■ BRIEF:
Within the records below, find the line with "van Nederland college!" and the line with "让 AirPods 摆脱了苹果生态系统的束缚,也即可以让你在", then reproduce exactly those two lines and all lines between them, without any picture.

■ RECORDS SHOWN:

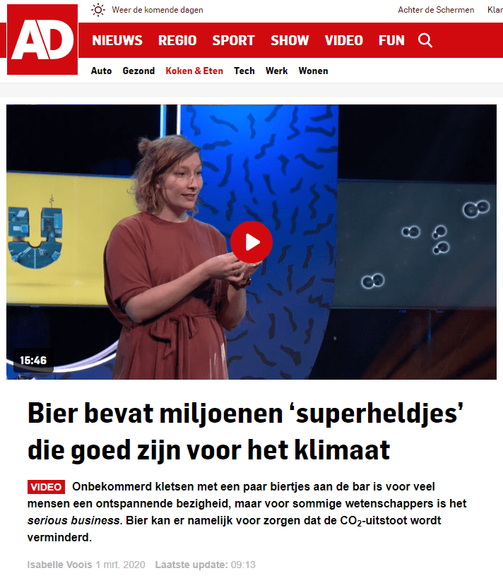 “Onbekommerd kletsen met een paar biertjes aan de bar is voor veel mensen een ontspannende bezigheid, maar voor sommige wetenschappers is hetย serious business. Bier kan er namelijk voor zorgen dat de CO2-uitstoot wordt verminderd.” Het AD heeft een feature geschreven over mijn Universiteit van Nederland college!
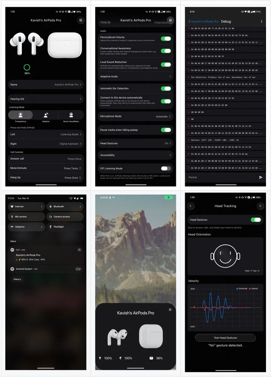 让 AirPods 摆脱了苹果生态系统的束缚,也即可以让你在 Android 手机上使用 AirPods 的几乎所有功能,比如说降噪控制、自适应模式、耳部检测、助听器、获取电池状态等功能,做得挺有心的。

---

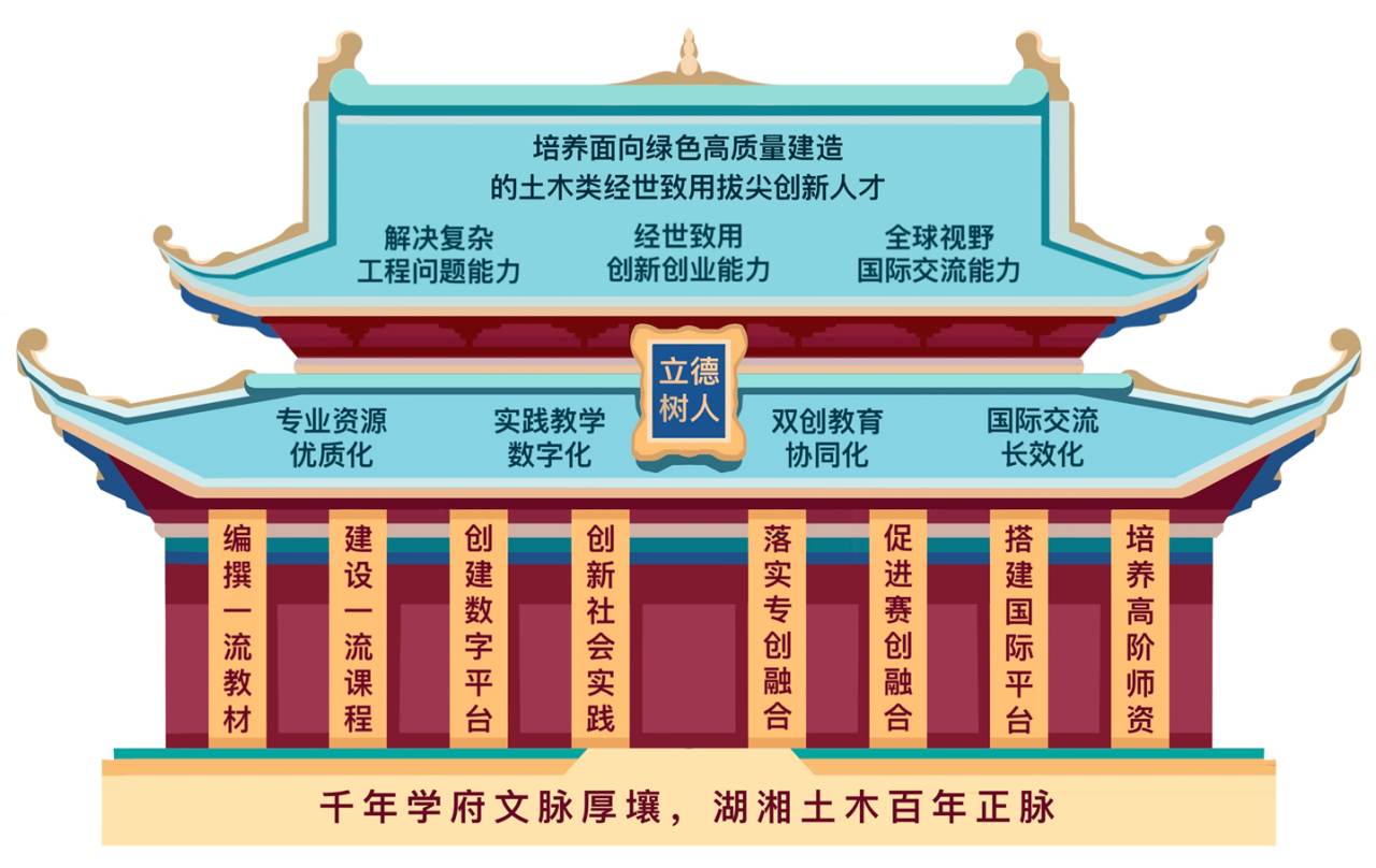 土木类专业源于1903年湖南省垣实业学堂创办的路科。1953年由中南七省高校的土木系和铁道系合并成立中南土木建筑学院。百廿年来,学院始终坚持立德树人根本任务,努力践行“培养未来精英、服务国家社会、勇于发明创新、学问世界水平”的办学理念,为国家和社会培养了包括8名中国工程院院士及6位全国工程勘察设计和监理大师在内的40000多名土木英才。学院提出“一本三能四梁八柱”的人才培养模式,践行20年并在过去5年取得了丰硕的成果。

■ RESPONSE TO THE TASK:
 “Onbekommerd kletsen met een paar biertjes aan de bar is voor veel mensen een ontspannende bezigheid, maar voor sommige wetenschappers is hetย serious business. Bier kan er namelijk voor zorgen dat de CO2-uitstoot wordt verminderd.” Het AD heeft een feature geschreven over mijn Universiteit van Nederland college!
 让 AirPods 摆脱了苹果生态系统的束缚,也即可以让你在 Android 手机上使用 AirPods 的几乎所有功能,比如说降噪控制、自适应模式、耳部检测、助听器、获取电池状态等功能,做得挺有心的。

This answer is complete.